These regulatory bodies are failing to adequately oversee colleges, at the expense of millions of students, wrote Amy Laitinen, director for higher education with New America's education policy program, and Clare McCann, deputy director for federal higher education policy at the think tank based in Washington (and an occasional opinion contributor to Inside Higher Ed).

"Too often, the system of shared accountability devolves into a game of hot potato, with no one member of the triad willing to take serious action against an institution of higher education that falls short until other members of the triad have stepped up," they said. "With potentially severe consequences for a college -- and its students -- each member of the triad has a tendency to wait several beats too long before enforcing any severe action against a college, often no matter how poor the institution."

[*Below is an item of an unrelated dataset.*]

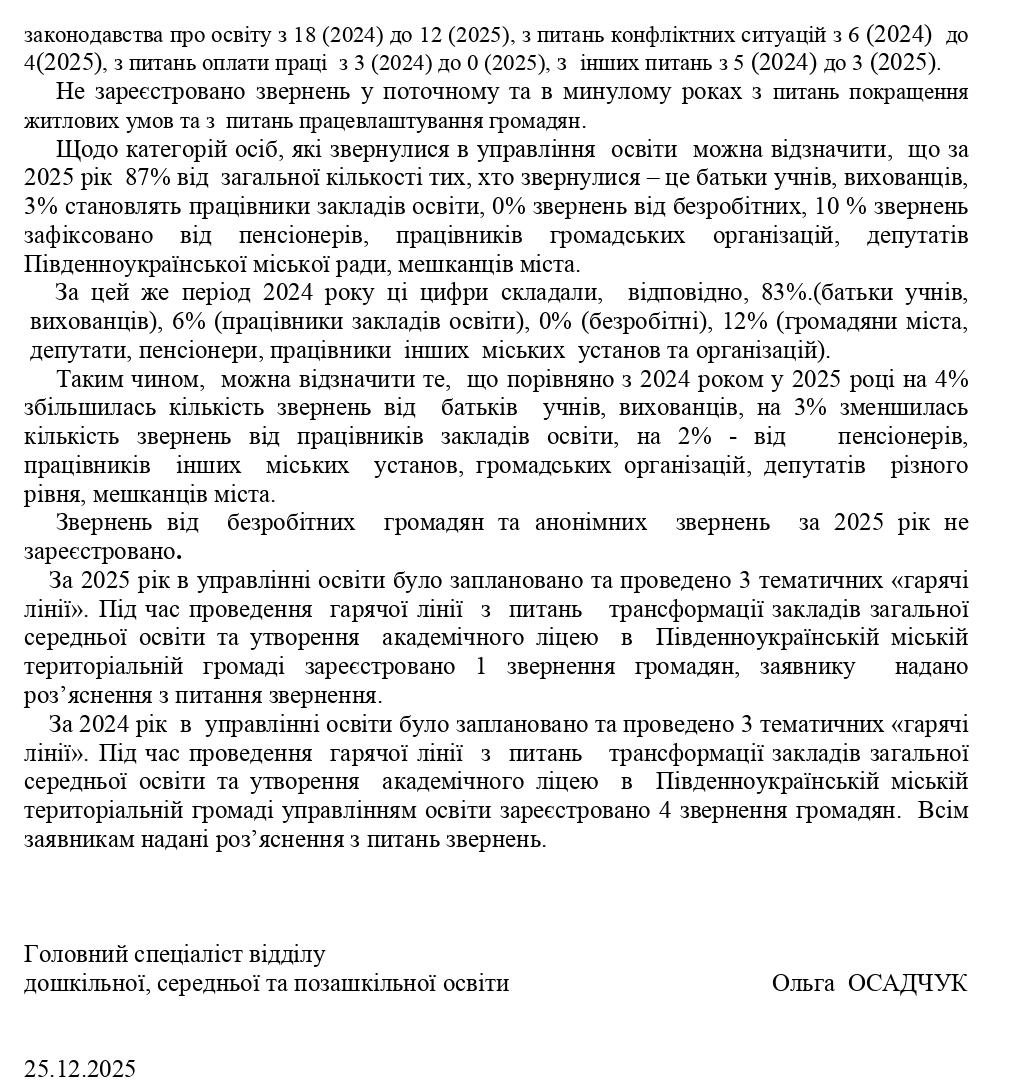 Звіт управління освіти імені Бориса Грінченка Південноукраїнської міської ради про роботу зі зверненнями громадян за 2025 рік
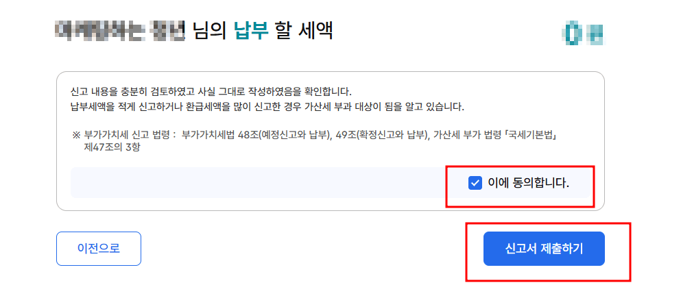 9. 동의함에 체크 후 '신고서 제출하기'를 눌러줍니다.

The report recommends that the federal government "restore minimal oversight" of accreditors and ensure that student outcomes are central to what accreditors do, among other suggestions. It said states also should strengthen their roles in protecting consumers of higher education by collecting complaints about colleges and subjecting online colleges to rigorous oversight. And the recommendations for the Education Department include a reformed structure for its Federal Student Aid office, to increase risk-based reviews of colleges and to improve financial monitoring of private colleges, among others.

"The Education Department plays a particular role in ensuring baseline consumer protection exists for all students, regardless of where they live or which accrediting agency their college selected," said the report. "Yet over the decades since passage of the Higher Education Act, the Education Department has often failed to anticipate and prevent poor outcomes for students and taxpayers and [to hold] institutions accountable when they fall short."